Stored entries —
________________________

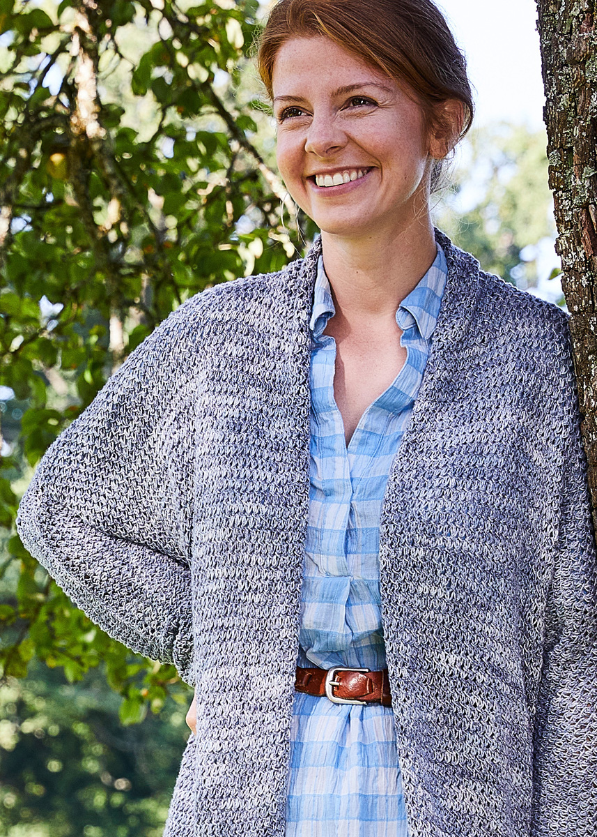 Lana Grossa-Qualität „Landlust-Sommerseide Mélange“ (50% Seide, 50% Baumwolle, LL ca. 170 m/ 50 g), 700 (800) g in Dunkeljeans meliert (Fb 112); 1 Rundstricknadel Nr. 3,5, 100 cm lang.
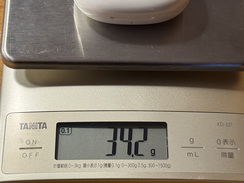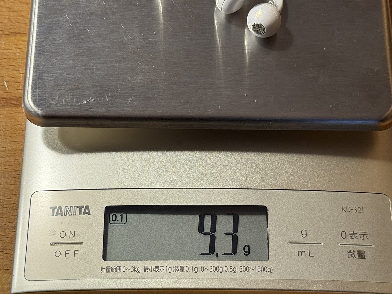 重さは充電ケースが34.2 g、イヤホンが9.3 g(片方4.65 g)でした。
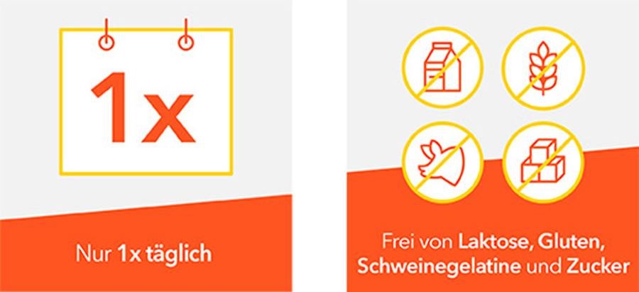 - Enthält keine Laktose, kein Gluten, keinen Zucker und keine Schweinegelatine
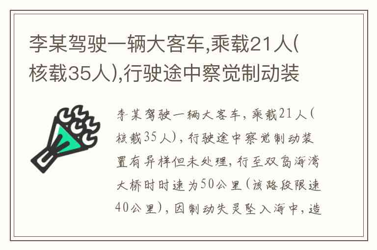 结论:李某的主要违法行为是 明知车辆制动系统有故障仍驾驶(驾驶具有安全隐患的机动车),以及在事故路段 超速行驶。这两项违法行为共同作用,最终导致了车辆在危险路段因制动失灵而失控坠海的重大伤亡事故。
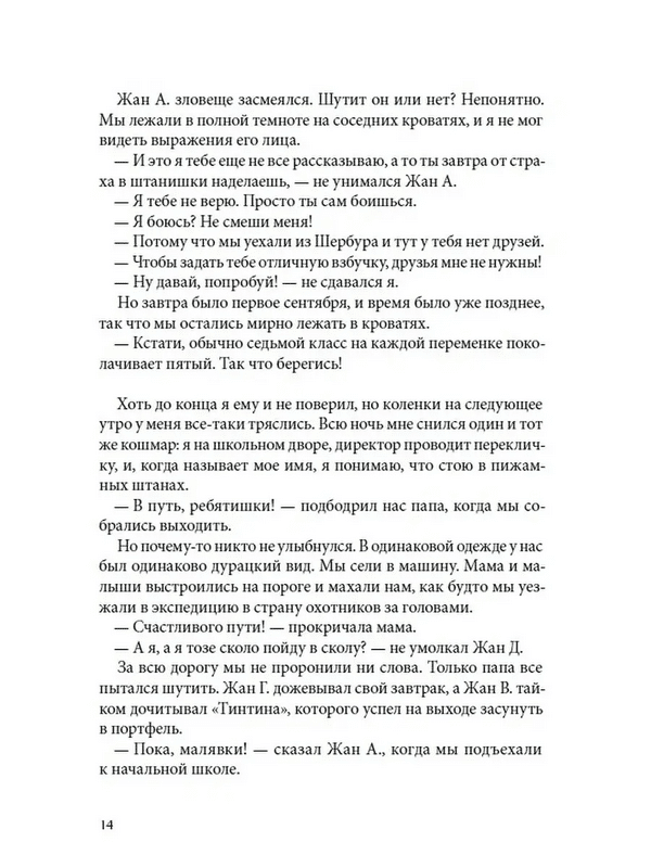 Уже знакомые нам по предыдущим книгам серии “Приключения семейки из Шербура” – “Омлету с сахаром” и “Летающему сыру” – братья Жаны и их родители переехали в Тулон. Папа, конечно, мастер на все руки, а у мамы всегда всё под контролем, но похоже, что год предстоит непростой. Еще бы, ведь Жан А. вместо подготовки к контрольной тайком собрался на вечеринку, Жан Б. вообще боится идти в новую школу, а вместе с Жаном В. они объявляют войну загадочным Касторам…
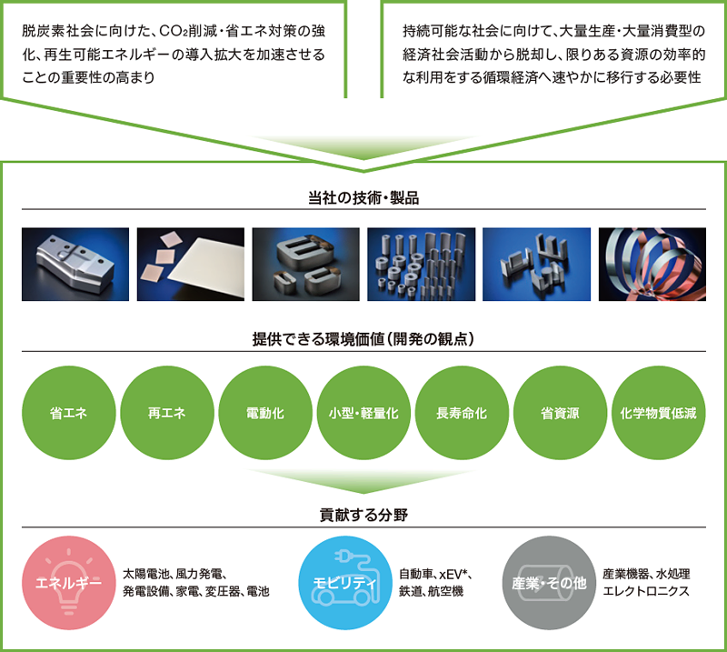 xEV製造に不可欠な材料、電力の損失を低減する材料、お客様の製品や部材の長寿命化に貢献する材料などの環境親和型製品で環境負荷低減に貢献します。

________________________

Prompt —
Transcribe all lines above exactly, skipping pictures.

Answer section —
 Lana Grossa-Qualität „Landlust-Sommerseide Mélange“ (50% Seide, 50% Baumwolle, LL ca. 170 m/ 50 g), 700 (800) g in Dunkeljeans meliert (Fb 112); 1 Rundstricknadel Nr. 3,5, 100 cm lang.
 重さは充電ケースが34.2 g、イヤホンが9.3 g(片方4.65 g)でした。
 - Enthält keine Laktose, kein Gluten, keinen Zucker und keine Schweinegelatine
 结论:李某的主要违法行为是 明知车辆制动系统有故障仍驾驶(驾驶具有安全隐患的机动车),以及在事故路段 超速行驶。这两项违法行为共同作用,最终导致了车辆在危险路段因制动失灵而失控坠海的重大伤亡事故。
 Уже знакомые нам по предыдущим книгам серии “Приключения семейки из Шербура” – “Омлету с сахаром” и “Летающему сыру” – братья Жаны и их родители переехали в Тулон. Папа, конечно, мастер на все руки, а у мамы всегда всё под контролем, но похоже, что год предстоит непростой. Еще бы, ведь Жан А. вместо подготовки к контрольной тайком собрался на вечеринку, Жан Б. вообще боится идти в новую школу, а вместе с Жаном В. они объявляют войну загадочным Касторам…
 xEV製造に不可欠な材料、電力の損失を低減する材料、お客様の製品や部材の長寿命化に貢献する材料などの環境親和型製品で環境負荷低減に貢献します。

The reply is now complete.